Herr, Gott, Allmächtiger, Vater des Sohnes Jesus Christus, durch den wir dich erkannt haben, Gott der Engel und Gewalten, Gott der ganzen Schöpfung und aller Gerechten vor deinem Angesicht, dich preise ich, dass du mir diesen Tag und diese Stunde gewährst, in der ich einer deiner Zeugen sein und teilhaben darf an dem Becher des Christus, um der Auferstehung des Leibes und der Seele zum ewigen Leben willen. Vielleicht darf ich schon heute vor dir stehen als ein willkommenes Opfer, wie du, der Gott ohne Falschheit, der Gott der Wahrheit, es zuvor bereitet und vollbracht hast. Dafür preise ich dich. Gelobet seist du und verherrlicht durch den ewigen himmlischen Hohenpriester Jesus Christus, deinen geliebten Sohn, durch den dir und ihm und dem Heiligen Geist Ehre sei, jetzt und immerdar. Amen.

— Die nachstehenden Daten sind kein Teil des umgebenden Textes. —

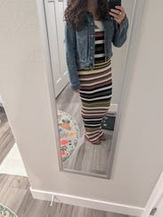 Worn to a family party 13 weeks pregnant. I wore my pre-pregnancy size (M) but I’m fitting into a street size 12/L with my bump so I recommend sizing down. It occasionally slipped down in front so you could see my bra, but it was an easy fix. Aside from that this dress was comfortable and cute, perfect with a jean jacket for a chilly late Summer evening!
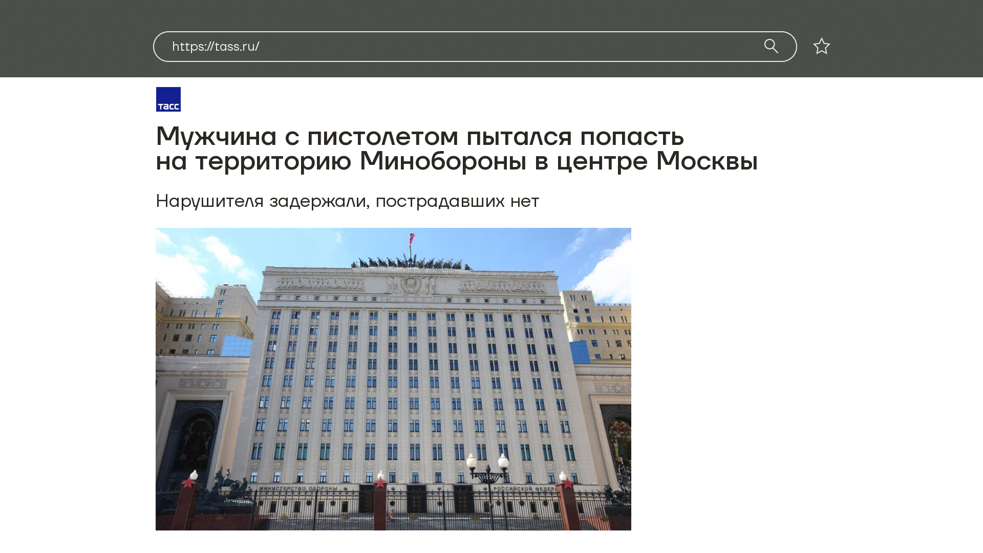 А в здание Минобороны в центре Москвы пытался проникнуть мужчина с пистолетом. Правда, пневматическим. Его задержали, пишут, что мужчина был в неадекватном состоянии. Но в целом направление мысли верное — враги России сидят в том числе в здании Минобороны.
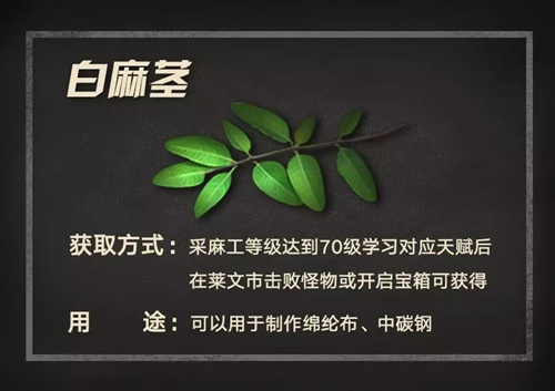 《明日之后》白麻茎应该如何获取呢?很多小伙伴对于这一资源的获取方法了解的还不是很清楚。那么接下来,就跟随小编一起来看一下具体的获取攻略介绍吧!获取攻略采麻工等级达到70级学习对应天赋后在莱文市击败怪物或开启宝箱可获得用途:可以用于制作绵纶布、中碳钢以上就是游戏爱好者小编为您带来的全部内容,更多资讯关注游戏爱好者。明日之后相关攻略推荐:明日之后新模式火力全开怎么玩-新训练模式火力全开游戏机制玩法介绍

Was bisher berichtet wurde, entspricht den Tatsachen, alles weitere verliert sich im Legenden-haften. Schliesslich erstach man ihn. „In diesem Augenblick kam eine Taube heraus und viel Blut, so dass das Feuer erstickte, und die Menge wunderte sich, dass ein solcher Unterschied zwischen den Ungläubigen und den Erwählten sei.“ Polykarb starb als Märtyrer des Glaubens, treu bis in den Tod, in Smyrna.

1 Offenbarung des Johannes 1, von William Barclay (Aussaat Verlag Wuppertal, 1970), 83-84.